WHAT YOU SHOULD DO →
Leaving the pictures aside, repeat each line below exactly.

DATA EXTRACT →
************
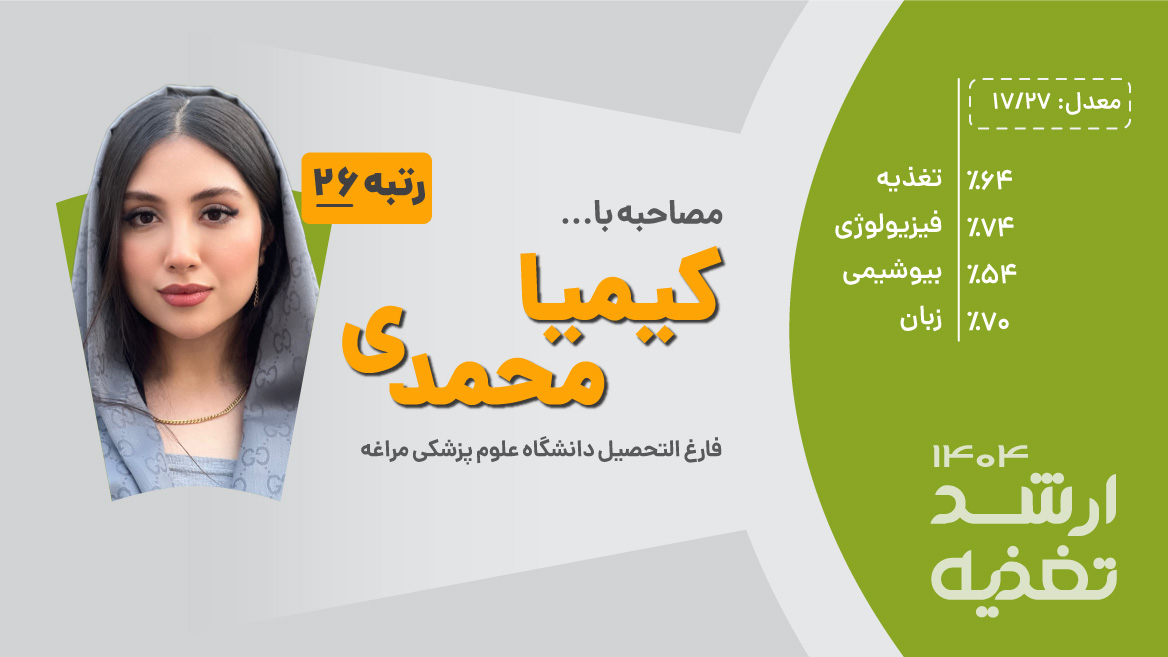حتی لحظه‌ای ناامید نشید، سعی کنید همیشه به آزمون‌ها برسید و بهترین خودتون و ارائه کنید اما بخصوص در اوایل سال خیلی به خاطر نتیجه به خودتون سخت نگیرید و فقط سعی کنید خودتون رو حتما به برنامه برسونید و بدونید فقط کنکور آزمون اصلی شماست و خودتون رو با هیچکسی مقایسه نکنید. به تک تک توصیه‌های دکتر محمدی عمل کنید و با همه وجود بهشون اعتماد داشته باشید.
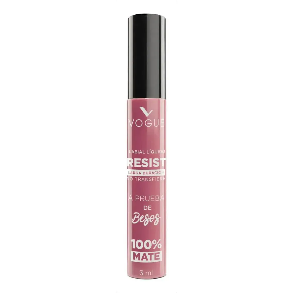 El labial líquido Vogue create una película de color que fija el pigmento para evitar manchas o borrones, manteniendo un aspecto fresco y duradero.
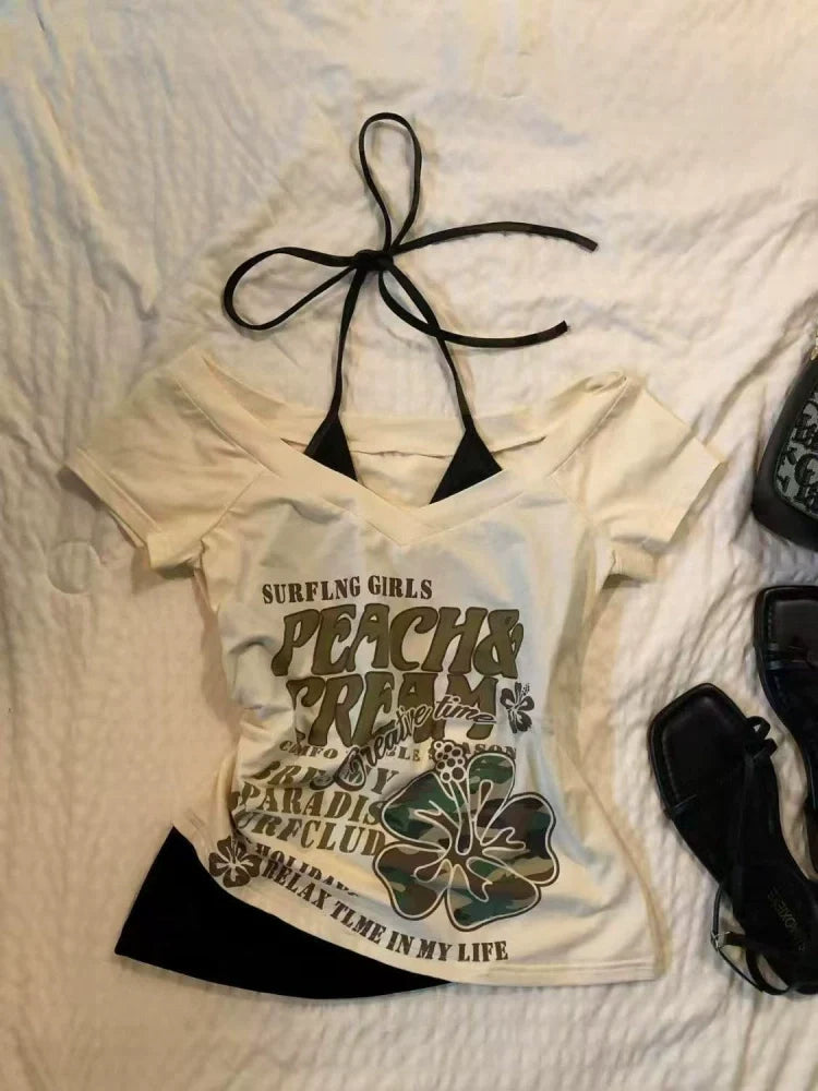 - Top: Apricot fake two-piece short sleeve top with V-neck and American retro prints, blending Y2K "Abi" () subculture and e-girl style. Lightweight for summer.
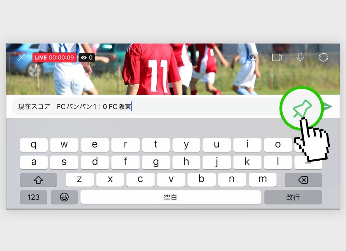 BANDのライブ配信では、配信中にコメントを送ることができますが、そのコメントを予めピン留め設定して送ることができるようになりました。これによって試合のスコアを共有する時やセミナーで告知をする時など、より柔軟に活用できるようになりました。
************
EXERCISE OUTPUT →
حتی لحظه‌ای ناامید نشید، سعی کنید همیشه به آزمون‌ها برسید و بهترین خودتون و ارائه کنید اما بخصوص در اوایل سال خیلی به خاطر نتیجه به خودتون سخت نگیرید و فقط سعی کنید خودتون رو حتما به برنامه برسونید و بدونید فقط کنکور آزمون اصلی شماست و خودتون رو با هیچکسی مقایسه نکنید. به تک تک توصیه‌های دکتر محمدی عمل کنید و با همه وجود بهشون اعتماد داشته باشید.
 El labial líquido Vogue create una película de color que fija el pigmento para evitar manchas o borrones, manteniendo un aspecto fresco y duradero.
 - Top: Apricot fake two-piece short sleeve top with V-neck and American retro prints, blending Y2K "Abi" () subculture and e-girl style. Lightweight for summer.
 BANDのライブ配信では、配信中にコメントを送ることができますが、そのコメントを予めピン留め設定して送ることができるようになりました。これによって試合のスコアを共有する時やセミナーで告知をする時など、より柔軟に活用できるようになりました。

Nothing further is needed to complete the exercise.